Each log was used to evaluate BWSS at five temperatures, each one at five moisture contents for each species. MC was determined by the oven-drying method (ASTM D4442-16, 2016). The first level of MC (AD1) corresponded to the time of felling (green state). The four other levels of MC were obtained by air-drying. Green MC was immediately measured a day after harvesting. A 200-mm-thick disc was cross-cut from each log to make the first BWSS tests (AD1). Initial sapwood MC was then measured. Afterward, logs were stored outside under a tent, for air-drying between April and September 2017. Air-drying steps (AD2–AD5) depended on the climatic conditions, and time was adjusted to reach four sapwood MCs distributed between the green state and the fiber saturation point (about 30% MC) for each species specifically. Log ends were coated with a water-based sealer to prevent rapid moisture exchange through the cross-section. Sapwood MC was monitored over air-drying time by extracting 25-mm-long cores from 15 of the 45 logs per species. Once the target MC was reached, a 200-mm-thick disc was cut from each log. Each obtained disc was immediately wrapped in polyethylene and kept in a freezer at − 20 °C to maintain its moisture content until the beginning of the BWSS sample preparation. The distribution of discs within a log is shown in Fig. 1.

In addition, five temperatures ranging from 10 to − 30 °C were selected to assess the effect of log temperature on bark/wood adhesion (Table 1). Thus, five adjacent cores of 12.7 mm in diameter and 25 mm in length were obtained from each frozen disc in the radial direction (Fig. 1) with a drill press (General International®, model GEN75-150 M1) at 680 r min−1. Cores were drilled where the bark was still intact.
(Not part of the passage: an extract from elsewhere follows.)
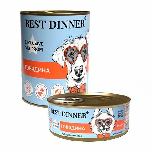 Best Dinner Бест Диннер консервы для собак Exclusive Mobility, говядина, 340 гр. по 6 шт.
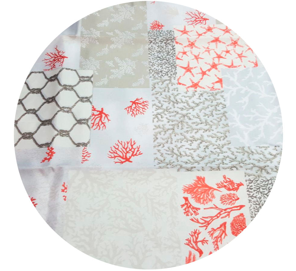Caratterizzata da una base bianca come la schiuma delle onde, questa tovaglia è adornata con disegni delicati e vivaci coralli in lieve tonalità di beige e rosso

Therefore, a total of 1125 cores (15 stems × 3 logs × 5 AD × 5 temperatures) were obtained per species for all trials. Twenty-four hours before testing, 45 cores from each moisture content step and species were placed in a Cincinnati Sub-Zero environmental simulation chamber (CSZ 44 PLUS-1576), which was previously conditioned at each temperature treatment. Prior to temperature treatments, cores were wrapped with a polystyrene foam protection (Foamular® 600 Insulation, 50-mm thickness, 0.029 W mK−1 thermal conductivity) to maintain their temperature during the bark/wood adhesion tests (Fig. 1).

Shear strength tests

The adhesion strength between wood and bark was evaluated in the cambial region by shearing perpendicular to the grain. In a conventional ring debarker, knives remove bark in this direction. Measurements were taken in a MTS QT5 universal testing machine equipped with a 500 N load cell. Load was applied at a rate of 15 mm per min until complete failure. Shear strength (MPa) was calculated by dividing the load at failure (N) by the cross-sectional area of the wood/bark interface (mm2).

Bark and sapwood properties

Bark thickness (BT), including inner and outer bark, of all samples was measured prior to the shearing tests (Table 1). Inner bark and outer bark were separated using a razor blade after shearing. Green mass and volume of sapwood, inner, and outer bark (tissue type: TT) samples were also taken immediately after shearing tests. Volume was measured by the water displacement method according to ASTM D2395-17 (2017). Samples were then oven-dried at 103 °C for at least 24 h to obtain their oven-dry mass. All mass measurements were taken to the nearest 0.0001 g. Finally, MC at the time of shear tests, as well as basic density (BD: oven-dry mass divided by green volume for AD1) were calculated.

Statistical analysis

Statistical analyses were performed with SAS software, version 9.4 (SAS Institute Inc. 2013, Cary-NC). Data of all covariates were analyzed separately to assess their variation. MC were analyzed following a split-split-plot with log position (LP) in the main plot, AD in the sub-plot and TT in the sub-subplot. This design allowed to evaluate the differences between sapwood, inner bark, and outer bark as tissue types following a radial position. BD was evaluated only at the initial green moisture content following a split-plot design with LP in the main plot and TT in the sub-plot. BWSS data followed a split-split-plot design with the LP in the main plot, the sapwood MC (SMC) in the sub-plot, and the temperature in the sub-subplot. A mixed model analysis of covariance (ANCOVA) was used to evaluate the variation in the BWSS. Covariates were added to the model keeping only the ones that were significant. A summary of all the treatments and covariates used in the present study is shown in Table 2. Afterwards, for a practical purpose, a multiple linear regression was done to estimate BWSS as a function of temperature and SMC (at the 5% probability level). Finally, the normality was verified with Shapiro–Wilk test; the homogeneity of variance was verified with the graphical analysis of residuals in all the analyses.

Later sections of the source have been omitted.